De Posson's cousin Nelly Burke adds, "He was traveling in the highest social circles in Montreal. He threw himself right in. He was very European, very charming, kissing hands, clicking his heels, a real sort of ladies' man."

De Kwiatkowski shared a small apartment in the right part of town with two other Continental bachelors in their 20s, Emilio Gioia, now a New York realestate developer, and Gioia's cousin Count Roberto Corinaldi. He was already impressing party guests with his sensational war stories. "One day I got a new car," Emilio Gioia says. "And he arrived home, walking slowly from his Pratt & Whitney job.
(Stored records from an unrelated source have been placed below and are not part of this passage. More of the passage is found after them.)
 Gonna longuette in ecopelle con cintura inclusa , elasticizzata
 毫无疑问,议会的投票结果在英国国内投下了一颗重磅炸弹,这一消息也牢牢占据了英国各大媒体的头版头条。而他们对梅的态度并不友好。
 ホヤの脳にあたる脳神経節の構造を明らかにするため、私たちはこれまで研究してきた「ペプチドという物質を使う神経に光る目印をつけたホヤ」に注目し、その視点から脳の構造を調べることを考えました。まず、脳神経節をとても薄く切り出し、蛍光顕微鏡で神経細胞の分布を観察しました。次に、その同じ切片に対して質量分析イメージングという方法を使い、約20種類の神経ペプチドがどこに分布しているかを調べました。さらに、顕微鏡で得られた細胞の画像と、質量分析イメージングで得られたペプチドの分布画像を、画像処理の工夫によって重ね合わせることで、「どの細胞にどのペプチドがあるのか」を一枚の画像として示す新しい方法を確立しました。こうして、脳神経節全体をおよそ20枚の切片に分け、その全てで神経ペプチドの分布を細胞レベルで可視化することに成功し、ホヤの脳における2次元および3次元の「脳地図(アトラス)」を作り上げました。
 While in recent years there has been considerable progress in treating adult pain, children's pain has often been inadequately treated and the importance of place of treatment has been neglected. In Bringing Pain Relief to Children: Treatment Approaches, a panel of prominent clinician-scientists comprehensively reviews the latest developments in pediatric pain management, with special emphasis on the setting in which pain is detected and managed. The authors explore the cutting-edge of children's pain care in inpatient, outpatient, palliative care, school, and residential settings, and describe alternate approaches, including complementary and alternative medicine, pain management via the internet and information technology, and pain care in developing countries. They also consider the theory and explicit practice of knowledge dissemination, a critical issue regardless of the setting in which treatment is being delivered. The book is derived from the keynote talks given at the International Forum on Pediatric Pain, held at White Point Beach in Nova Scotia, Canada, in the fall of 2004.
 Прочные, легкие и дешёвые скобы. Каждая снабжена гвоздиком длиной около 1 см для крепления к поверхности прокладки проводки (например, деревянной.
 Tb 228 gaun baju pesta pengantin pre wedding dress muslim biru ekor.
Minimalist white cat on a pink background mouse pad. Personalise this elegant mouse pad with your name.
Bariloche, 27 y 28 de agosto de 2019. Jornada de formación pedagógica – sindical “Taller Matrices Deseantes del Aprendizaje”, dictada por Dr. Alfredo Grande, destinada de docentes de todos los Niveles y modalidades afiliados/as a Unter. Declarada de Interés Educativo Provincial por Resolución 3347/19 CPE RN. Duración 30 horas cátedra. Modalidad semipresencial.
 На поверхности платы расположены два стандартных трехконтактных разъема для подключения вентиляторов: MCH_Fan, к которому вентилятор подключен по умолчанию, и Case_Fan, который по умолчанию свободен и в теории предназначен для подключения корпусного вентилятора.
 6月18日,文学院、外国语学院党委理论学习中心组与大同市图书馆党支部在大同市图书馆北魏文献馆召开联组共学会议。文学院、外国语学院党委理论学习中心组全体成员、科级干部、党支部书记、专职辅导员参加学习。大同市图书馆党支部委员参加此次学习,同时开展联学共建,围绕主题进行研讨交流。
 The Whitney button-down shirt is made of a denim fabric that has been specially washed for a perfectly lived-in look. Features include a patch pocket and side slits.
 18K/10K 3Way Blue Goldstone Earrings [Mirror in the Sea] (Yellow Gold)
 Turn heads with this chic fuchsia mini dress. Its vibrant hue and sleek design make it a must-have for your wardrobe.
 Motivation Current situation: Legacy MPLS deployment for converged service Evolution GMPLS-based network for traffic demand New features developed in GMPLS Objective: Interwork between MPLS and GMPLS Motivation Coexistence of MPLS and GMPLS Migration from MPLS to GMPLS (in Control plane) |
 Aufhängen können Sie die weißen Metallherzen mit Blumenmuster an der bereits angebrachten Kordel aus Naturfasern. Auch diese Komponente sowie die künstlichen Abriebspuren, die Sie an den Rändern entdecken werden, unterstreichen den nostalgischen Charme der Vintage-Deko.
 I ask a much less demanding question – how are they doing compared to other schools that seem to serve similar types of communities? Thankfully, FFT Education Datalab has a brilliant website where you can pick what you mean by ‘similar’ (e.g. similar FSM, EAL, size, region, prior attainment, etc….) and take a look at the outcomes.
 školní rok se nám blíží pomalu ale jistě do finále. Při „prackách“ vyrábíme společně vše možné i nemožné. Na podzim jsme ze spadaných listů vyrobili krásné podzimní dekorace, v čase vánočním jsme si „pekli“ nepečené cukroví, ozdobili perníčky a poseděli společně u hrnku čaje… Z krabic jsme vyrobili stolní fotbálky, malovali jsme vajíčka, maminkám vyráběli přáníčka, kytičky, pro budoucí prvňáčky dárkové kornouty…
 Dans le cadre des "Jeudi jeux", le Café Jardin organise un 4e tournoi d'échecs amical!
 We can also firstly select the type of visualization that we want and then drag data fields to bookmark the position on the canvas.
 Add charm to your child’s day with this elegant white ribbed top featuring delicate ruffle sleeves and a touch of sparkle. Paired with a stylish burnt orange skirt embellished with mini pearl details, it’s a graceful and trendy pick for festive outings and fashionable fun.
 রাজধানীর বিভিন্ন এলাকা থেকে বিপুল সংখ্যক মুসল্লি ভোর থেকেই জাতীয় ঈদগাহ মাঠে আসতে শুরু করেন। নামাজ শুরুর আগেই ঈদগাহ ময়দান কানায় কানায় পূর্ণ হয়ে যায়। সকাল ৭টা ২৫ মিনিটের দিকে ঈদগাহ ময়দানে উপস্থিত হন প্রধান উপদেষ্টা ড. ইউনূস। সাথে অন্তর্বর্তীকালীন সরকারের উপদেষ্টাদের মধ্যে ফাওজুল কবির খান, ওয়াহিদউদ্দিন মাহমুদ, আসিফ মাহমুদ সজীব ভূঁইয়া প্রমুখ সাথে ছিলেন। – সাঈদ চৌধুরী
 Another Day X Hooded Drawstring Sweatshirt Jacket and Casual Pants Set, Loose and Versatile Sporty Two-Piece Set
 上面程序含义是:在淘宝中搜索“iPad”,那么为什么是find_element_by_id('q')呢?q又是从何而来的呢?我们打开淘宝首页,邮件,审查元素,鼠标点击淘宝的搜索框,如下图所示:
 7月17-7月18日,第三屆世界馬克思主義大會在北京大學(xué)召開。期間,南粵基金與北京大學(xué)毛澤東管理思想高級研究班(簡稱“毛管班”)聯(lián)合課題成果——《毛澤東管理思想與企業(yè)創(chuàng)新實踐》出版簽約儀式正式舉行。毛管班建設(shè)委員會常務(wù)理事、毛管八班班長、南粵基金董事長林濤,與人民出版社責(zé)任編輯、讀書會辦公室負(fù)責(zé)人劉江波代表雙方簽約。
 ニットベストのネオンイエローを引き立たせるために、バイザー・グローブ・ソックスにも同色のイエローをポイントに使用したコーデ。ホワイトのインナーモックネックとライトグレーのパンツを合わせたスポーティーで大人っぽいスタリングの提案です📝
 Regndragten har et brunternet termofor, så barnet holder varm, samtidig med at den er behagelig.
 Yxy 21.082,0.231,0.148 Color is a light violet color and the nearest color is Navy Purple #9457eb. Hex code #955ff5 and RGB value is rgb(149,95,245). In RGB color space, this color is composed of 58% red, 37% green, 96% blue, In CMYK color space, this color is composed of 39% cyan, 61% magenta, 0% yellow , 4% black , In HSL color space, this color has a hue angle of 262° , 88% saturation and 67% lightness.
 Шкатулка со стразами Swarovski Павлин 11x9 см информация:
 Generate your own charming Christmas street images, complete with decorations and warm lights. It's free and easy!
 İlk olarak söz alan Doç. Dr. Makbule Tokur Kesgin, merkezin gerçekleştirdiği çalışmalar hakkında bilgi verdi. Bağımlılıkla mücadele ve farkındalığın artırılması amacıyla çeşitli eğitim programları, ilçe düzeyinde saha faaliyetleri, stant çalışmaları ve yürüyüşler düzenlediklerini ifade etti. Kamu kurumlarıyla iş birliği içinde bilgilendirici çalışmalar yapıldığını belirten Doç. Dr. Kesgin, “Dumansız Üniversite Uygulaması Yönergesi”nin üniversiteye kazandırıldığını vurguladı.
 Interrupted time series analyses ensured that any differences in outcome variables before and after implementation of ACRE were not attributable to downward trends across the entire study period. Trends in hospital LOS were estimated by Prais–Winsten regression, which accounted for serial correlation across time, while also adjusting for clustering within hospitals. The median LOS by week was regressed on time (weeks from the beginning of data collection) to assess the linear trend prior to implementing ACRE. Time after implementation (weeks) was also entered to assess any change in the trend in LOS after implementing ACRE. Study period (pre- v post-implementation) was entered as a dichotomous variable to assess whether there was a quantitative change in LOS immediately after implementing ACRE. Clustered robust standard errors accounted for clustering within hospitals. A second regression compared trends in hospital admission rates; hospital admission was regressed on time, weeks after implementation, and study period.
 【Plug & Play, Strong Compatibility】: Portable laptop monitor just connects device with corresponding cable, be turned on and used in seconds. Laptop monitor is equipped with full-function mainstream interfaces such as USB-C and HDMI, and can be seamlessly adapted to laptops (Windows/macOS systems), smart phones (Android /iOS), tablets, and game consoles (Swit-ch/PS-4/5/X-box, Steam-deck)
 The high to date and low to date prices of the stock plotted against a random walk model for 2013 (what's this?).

He said, 'What a great car.' I said, 'I know you have a dinner date tonight, but please don't take my car and tell your friends it's yours.' By dinnertime, he had convinced me to loan it to him—that's how good a salesman he was even then. And the next day I was in my car, and his girlfriend asked me, 'What are you doing in Ricky's car?'

"When I met him, everybody called him Ricky," Gioia explains. "Then he insisted on Henry. Then it became Henryk. Then it became Henryk with a capital 'De.' And then with a small 'de'—for aristocracy."

His career took off even faster than his name. In 1957 he was promoted to the Hartford, Connecticut, headquarters of United Aircraft, the parent company of Pratt & Whitney. Three years later, he was based in Paris and making $80,000 a year as head of European sales for United Aircraft. In 1962 he started his own company, Kwiatkowski Aircraft, Inc., with $3,000 in capital, a secretary, and an office at 30 Rockefeller Center. He later created a subsidiary, Intercontinental Aircraft, in Nassau, the Bahamas, but the two offices between them have never had more than 26 employees on the payroll. Over the years, Henryk de Kwiatkowski says, he has brokered more than $2 billion in sales, earning himself well over $100 million in commissions alone.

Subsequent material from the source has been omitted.